> **INPUT DATA**
>>>>

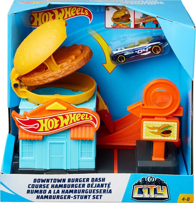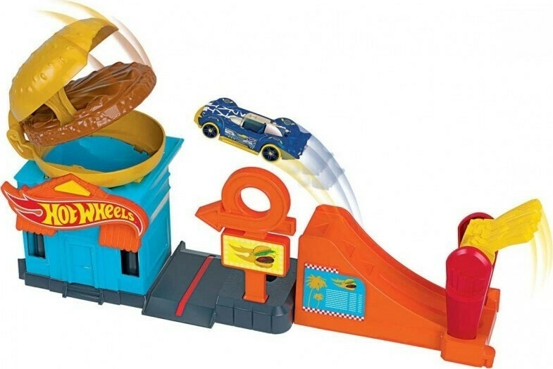 Hot Wheels Βασικές Πίστες City Hamburger Shop Play Set Περιλαμβάνεται ένα όχημα Hot Wheels και πίστα Robo Beasts Downtown Burger Dash Κατάλληλο για παιδιά ηλικίας από 4+ ετών
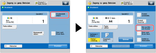 Wenn Sie die Funktion <Dateien zusammenführen und drucken> verwenden, werden die Dateien mit den Standardeinstellungen für Zugang zu gespeicherten Dateien und nicht mit den individuellen Einstellungen der jeweiligen Dateien gedruckt. Die Einstellungen der einzelnen Dateien werden jedoch weder geändert noch gelöscht und bleiben wie beim Erstellen der Datei. |
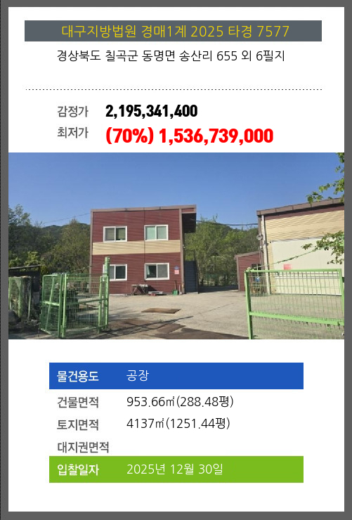 | 용도 | 공장 | 채권자 | 기**외1명 | 감정가 | 2,195,341,400 |
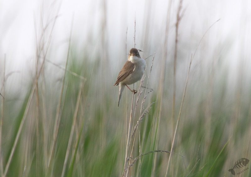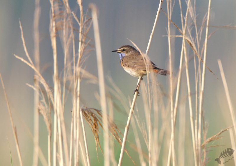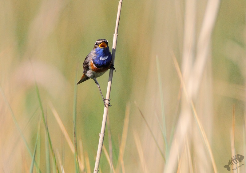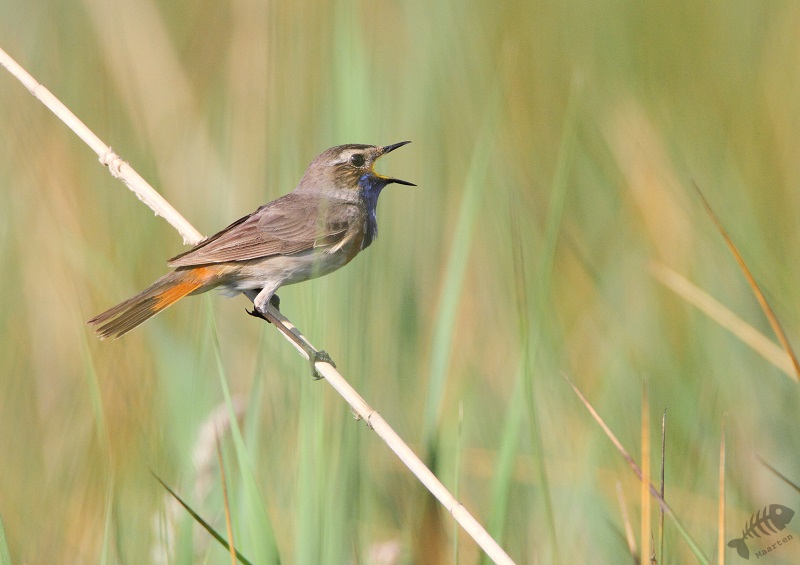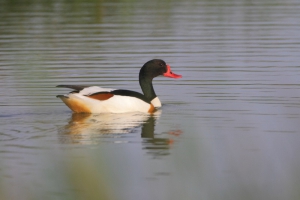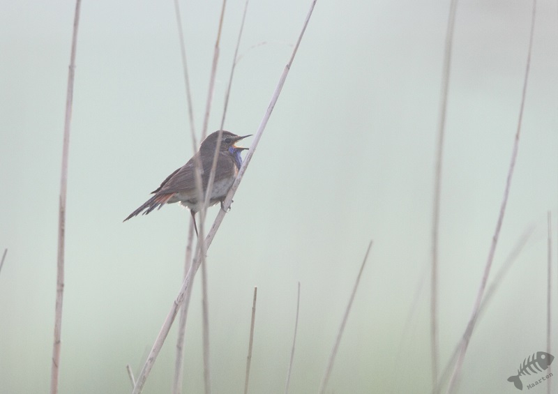 Bij aankomst zat er al een Blauwborstje op de parkeerplaats aan de Hogedijk en zaten er een Grasmus en een Bosrietzanger heel enthousiast te zingen, dus we begonnen goed! Na een bakkie koffie zijn we het gebied ingelopen en hoorde ik al verschillende Rietzangertjes. Hun zang kun je alleen associëren met voorjaar en zomer en de zon die steeds sterker werd (na dagen van regen…), bevestigde dit gevoel nog meer. Mijn eerste foto werd er één van een rustig voorbij zwemmende Bergeend en daarna ging het los. Op een klein stukje lukte het al de Rietzanger, Blauwborst en, ja ja, de Snor vast te leggen. Deze laatste bleek te druk bezig met voedsel verzamelen, zoals een heleboel andere vogels dat ook waren, zodat hij helaas niet zijn prachtige monotone gesnor kon laten horen.

<<<<

> **TASK PROMPT**
Would you write out exactly the lines above, starting at the line containing "Wenn Sie die" and stopping after the line containing "감정가 | 2,195,341,400 |"? Omit the pictures.

> **EXPECTED OUTPUT**
 Wenn Sie die Funktion <Dateien zusammenführen und drucken> verwenden, werden die Dateien mit den Standardeinstellungen für Zugang zu gespeicherten Dateien und nicht mit den individuellen Einstellungen der jeweiligen Dateien gedruckt. Die Einstellungen der einzelnen Dateien werden jedoch weder geändert noch gelöscht und bleiben wie beim Erstellen der Datei. |
 | 용도 | 공장 | 채권자 | 기**외1명 | 감정가 | 2,195,341,400 |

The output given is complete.